*Your objective*
The records below need to be repeated exactly, with every picture left out.

========

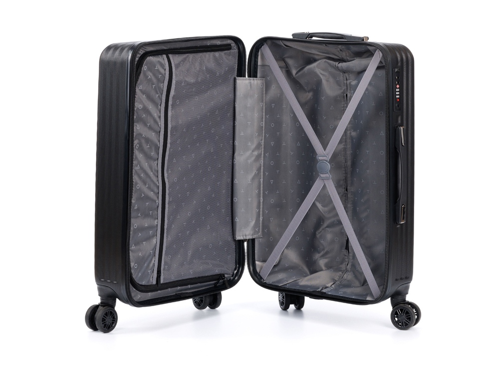 Чемодан полностью раскрывается на 2 вместительных отделения, с перегородкой на молнии и ремнями в форме X для надежной фиксации вещей на месте.
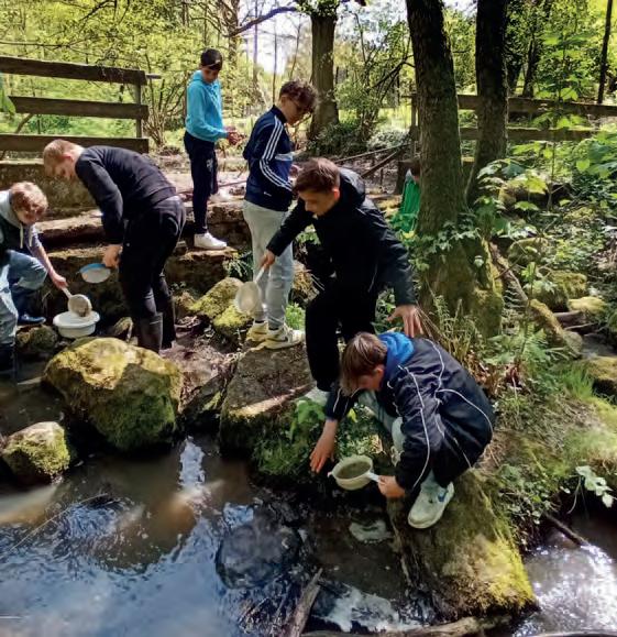 In der Nähe gab es einen Bach, dort machten wir einen kleinen Zwischenstopp. Wir bekamen einen Rucksack mit Ausrüstung. Hierzu gehörte eine Schüssel, ein Sieb, ein Löffel, eine Schale und ein Klemmbrett mit Informationsblättern und Protokollbögen. Die Schale füllten wir mit Wasser aus dem Bach. Mit einem Sieb ausgerüstet, stiegen wir in den Bach und fingen Tiere. Die gefischten Tiere gaben
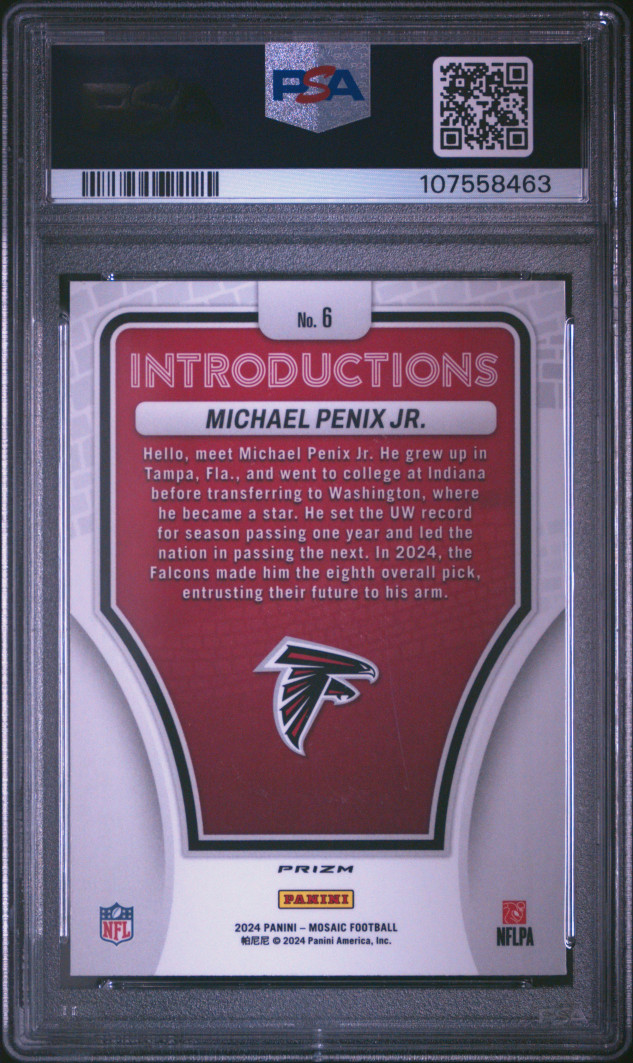 You are purchasing a { 2024 Panini Mosaic Introductions Michael Penix JR. #6 Silver No Huddle PSA 10. You will receive the exact item in the photographs. Thank you for looking.
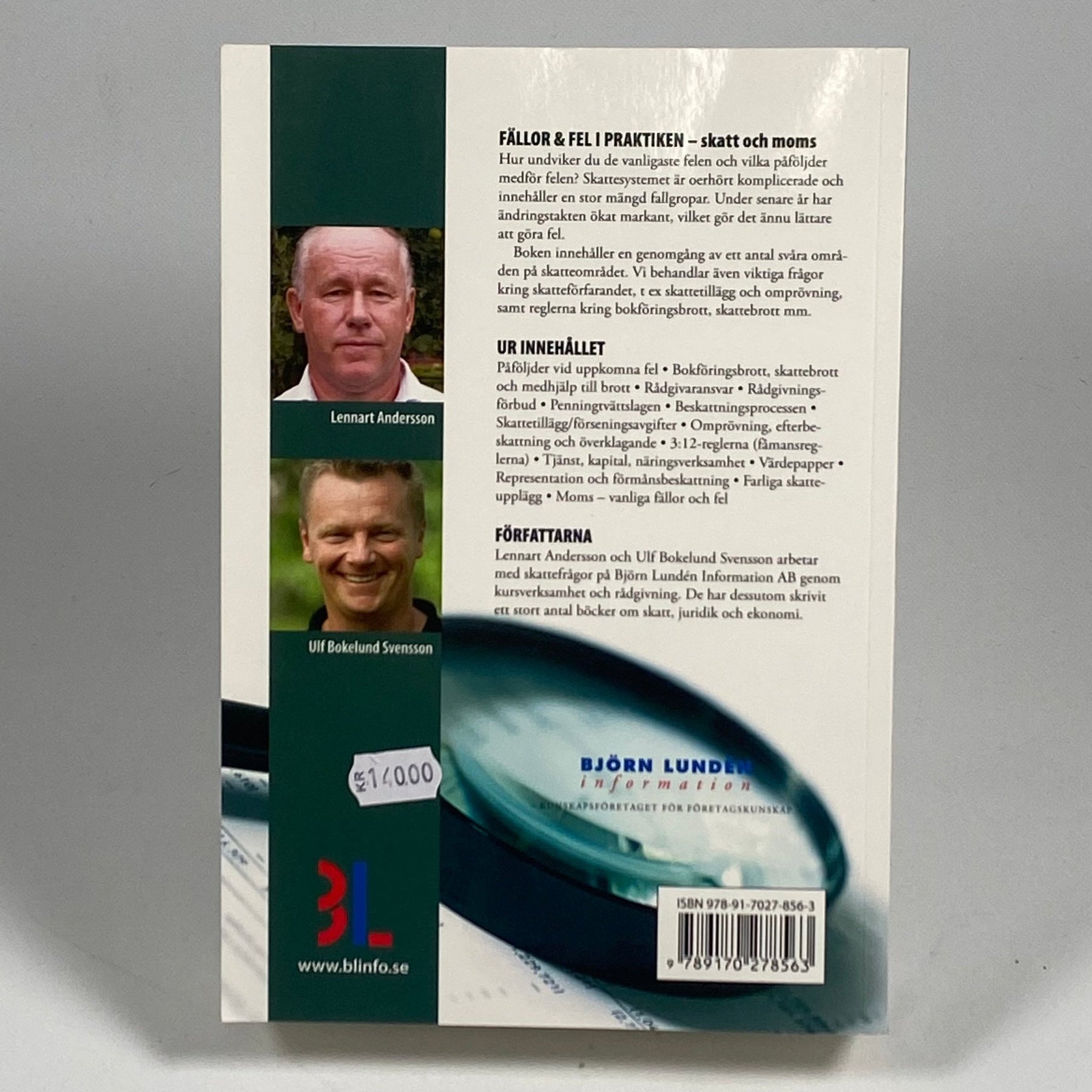 Bok om skatte- och momsfällor i praktiken, skriven av Lennart Andersson och Ulf Bokelund Svensson. Den adresserar vanliga misstag och fallgropar i skatteplanering och förklarar viktiga aspekter av svensk skattelagstiftning för praktiker. Boken är lättanvänd och riktar sig till professionella inom ekonomi och juridik.
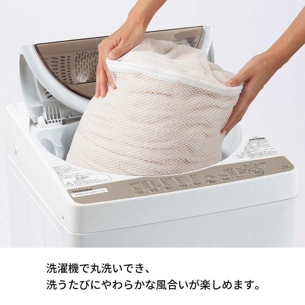 ご自宅の洗濯機で丸洗いでき(ネット使用)、清潔に気持ちよくお使いいただけます。洗うたびふっくらやわらかな風合いが楽しめます。
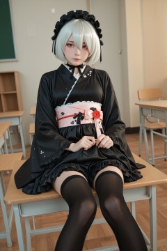 1girl,2b,classroom,sitting,black thighhighs,wa_lolita,

========

*Reply*
 Чемодан полностью раскрывается на 2 вместительных отделения, с перегородкой на молнии и ремнями в форме X для надежной фиксации вещей на месте.
 In der Nähe gab es einen Bach, dort machten wir einen kleinen Zwischenstopp. Wir bekamen einen Rucksack mit Ausrüstung. Hierzu gehörte eine Schüssel, ein Sieb, ein Löffel, eine Schale und ein Klemmbrett mit Informationsblättern und Protokollbögen. Die Schale füllten wir mit Wasser aus dem Bach. Mit einem Sieb ausgerüstet, stiegen wir in den Bach und fingen Tiere. Die gefischten Tiere gaben
 You are purchasing a { 2024 Panini Mosaic Introductions Michael Penix JR. #6 Silver No Huddle PSA 10. You will receive the exact item in the photographs. Thank you for looking.
 Bok om skatte- och momsfällor i praktiken, skriven av Lennart Andersson och Ulf Bokelund Svensson. Den adresserar vanliga misstag och fallgropar i skatteplanering och förklarar viktiga aspekter av svensk skattelagstiftning för praktiker. Boken är lättanvänd och riktar sig till professionella inom ekonomi och juridik.
 ご自宅の洗濯機で丸洗いでき(ネット使用)、清潔に気持ちよくお使いいただけます。洗うたびふっくらやわらかな風合いが楽しめます。
 1girl,2b,classroom,sitting,black thighhighs,wa_lolita,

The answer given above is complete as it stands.